● Data block:
+ + +

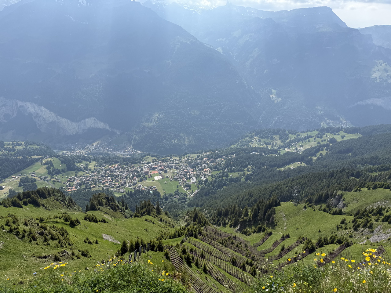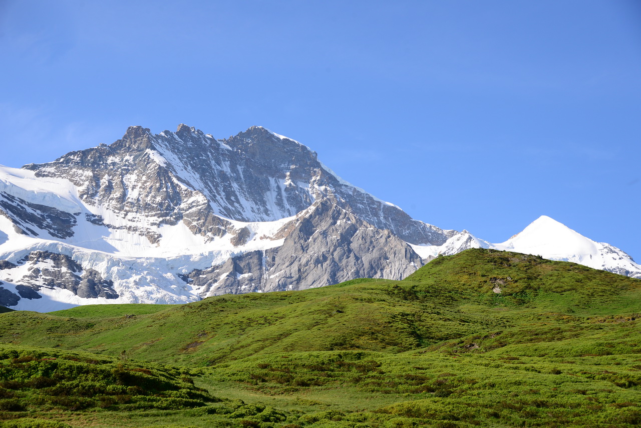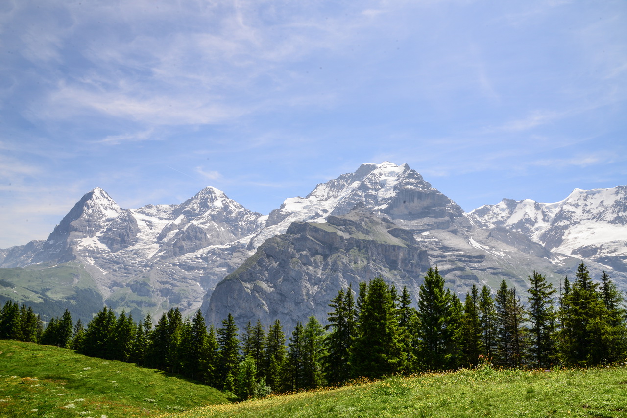 在火車站對面,先搭纜車,到山頂再轉乘火車,很快地就抵達 Murren 。穿過市區找到齒軌纜車站,直達 Allmendhubel 。這裡被稱為鮮花之谷。山上的花並不是人工大面積種植某種草花,它是自然的在山坡草原上,春天到臨時開放的各種草花,點綴在大片草原上。步道發達,健行、越野騎自行車,都是熱門的活動。在具有360度視野的高點,可以眺望艾格峰、僧侶峰、少女峰一列排開。向後轉,沿著纜車線向上延伸,雪朗峰就在那裡。好多美景,都想去走一走,可是得有充裕的時間才能得以實現。
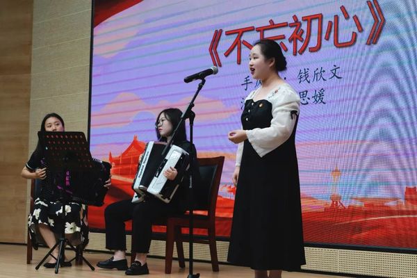 为深入学习贯彻习近平新时代中国特色社会主义思想主题教育,在美育中提升爱国情怀,东海学院传媒学院6月7日晚在匠兴苑报告厅开展了一堂以“风琴忆经典,培根筑党魂”为主题的音乐党课,本次党课特邀来自上海师范大学音乐学院的手风琴教师时璇及学生青年演奏家们为200余名的传媒学子进行奏唱。
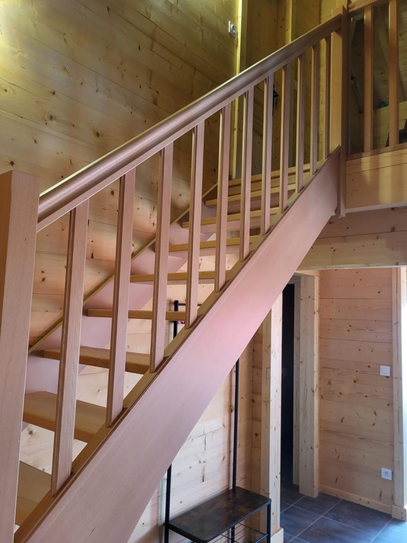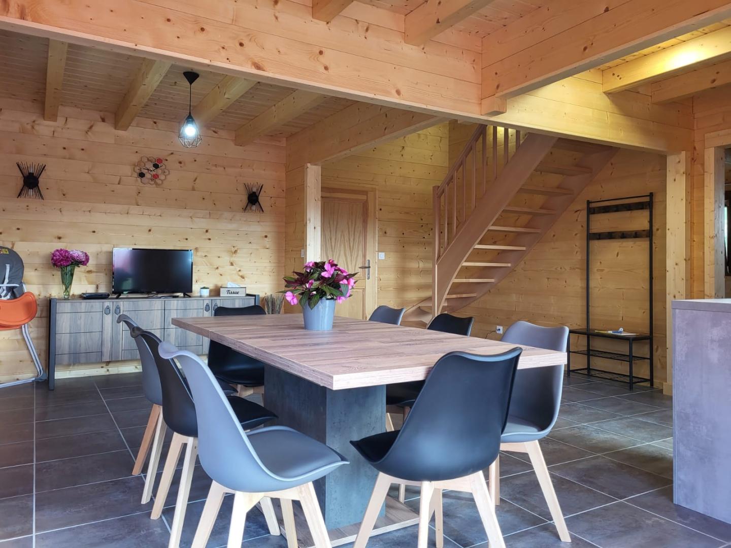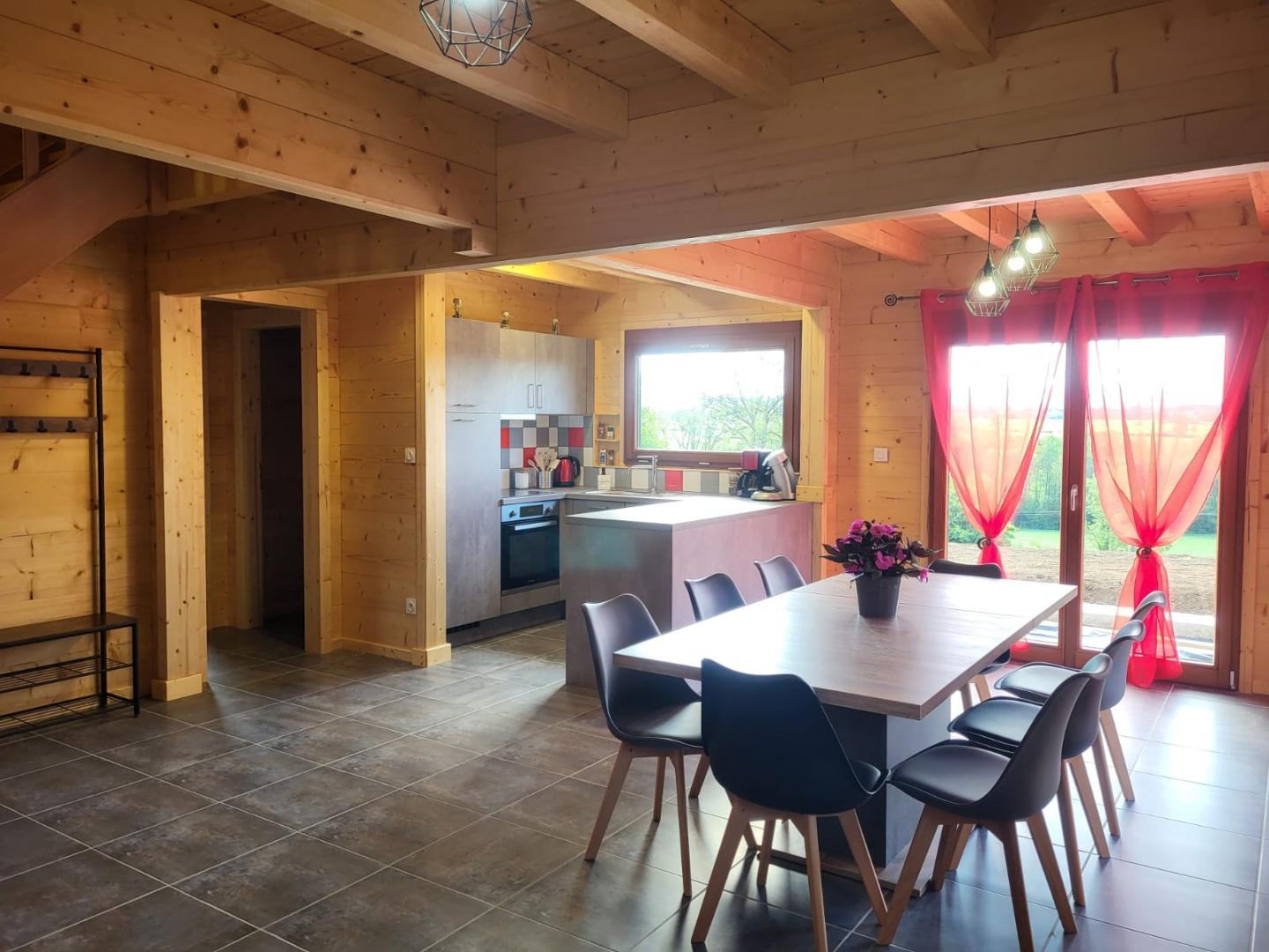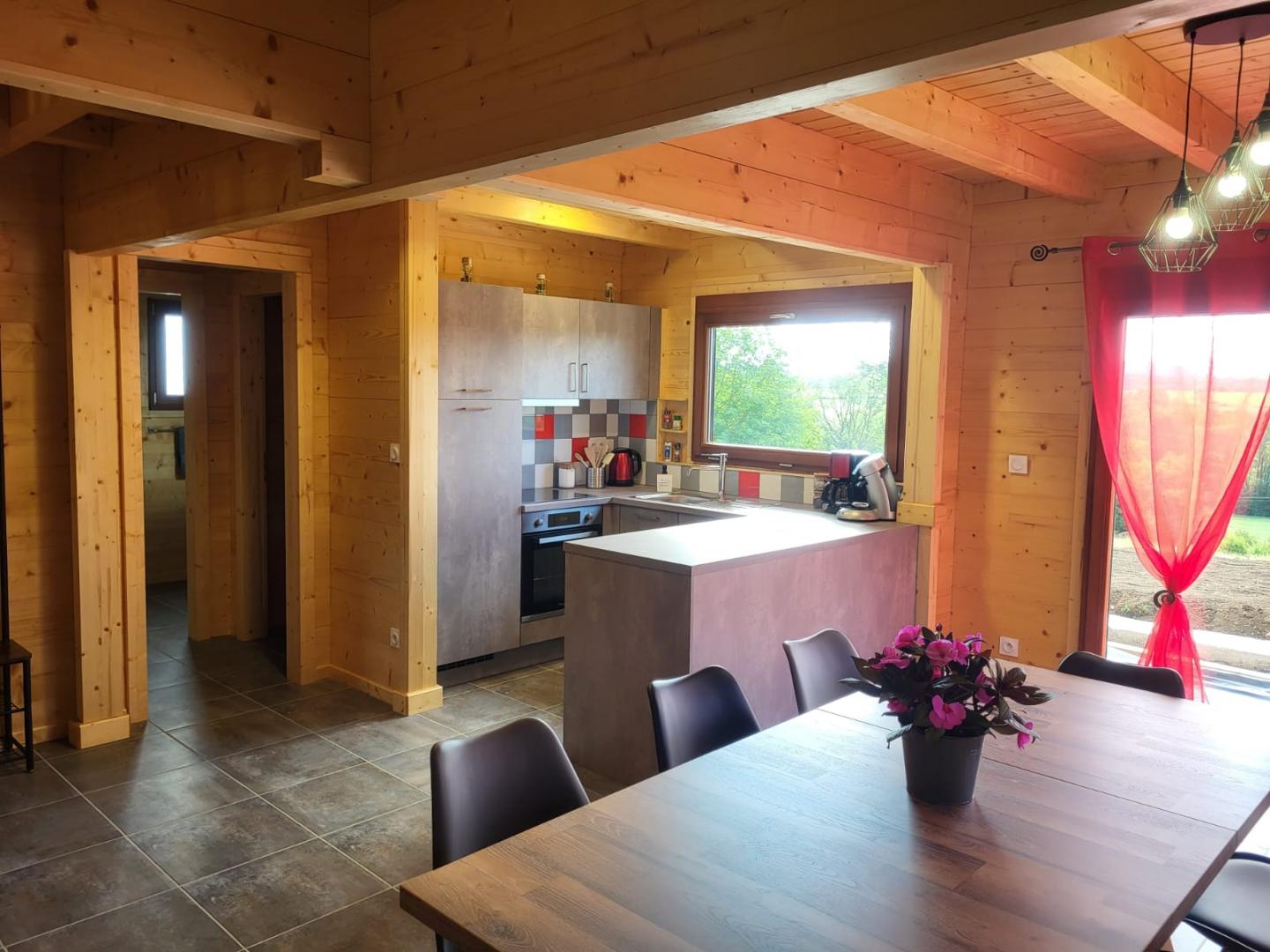 Idéalement situé à proximité du Lac de Chalain, des Cascades du Hérisson et de nombreux sentiers de randonnées, ce très joli chalet vous ouvre ses portes pour un séjour reposant et ressourçant ! Au rez-de-chaussée vous pourrez profiter d'une belle pièce à vivre composée d'un séjour et d'un coin cuisine équipé, d'une salle d'eau avec une douche à l'italienne, d'un wc indépendant, et d'une chambre avec 1 lit 2 places (140x190). A l'étage, sur la mezzanine un grand espace salon avec un canapé d'angle et fauteuils, une chambre avec un lit 2 places (140x190) et 2 lits 1 place (90x190). Buanderie avec lave-linge, congélateur et possibilité de rangements supplémentaires (vélos...). La terrasse pourvue d'un salon de jardin et barbecue vous offre une magnifique vue sur la campagne environnante. Terrain attenant non clos. A découvrir absolument! Parking privé sur place et volets dans les chambres.

+ + +

● Assignment: Restate word for word the lines running from the first line of the material to the line containing "为深入学习贯彻习近平新时代中", inclusive, and drop every picture.

● Answer for the task:
 在火車站對面,先搭纜車,到山頂再轉乘火車,很快地就抵達 Murren 。穿過市區找到齒軌纜車站,直達 Allmendhubel 。這裡被稱為鮮花之谷。山上的花並不是人工大面積種植某種草花,它是自然的在山坡草原上,春天到臨時開放的各種草花,點綴在大片草原上。步道發達,健行、越野騎自行車,都是熱門的活動。在具有360度視野的高點,可以眺望艾格峰、僧侶峰、少女峰一列排開。向後轉,沿著纜車線向上延伸,雪朗峰就在那裡。好多美景,都想去走一走,可是得有充裕的時間才能得以實現。
 为深入学习贯彻习近平新时代中国特色社会主义思想主题教育,在美育中提升爱国情怀,东海学院传媒学院6月7日晚在匠兴苑报告厅开展了一堂以“风琴忆经典,培根筑党魂”为主题的音乐党课,本次党课特邀来自上海师范大学音乐学院的手风琴教师时璇及学生青年演奏家们为200余名的传媒学子进行奏唱。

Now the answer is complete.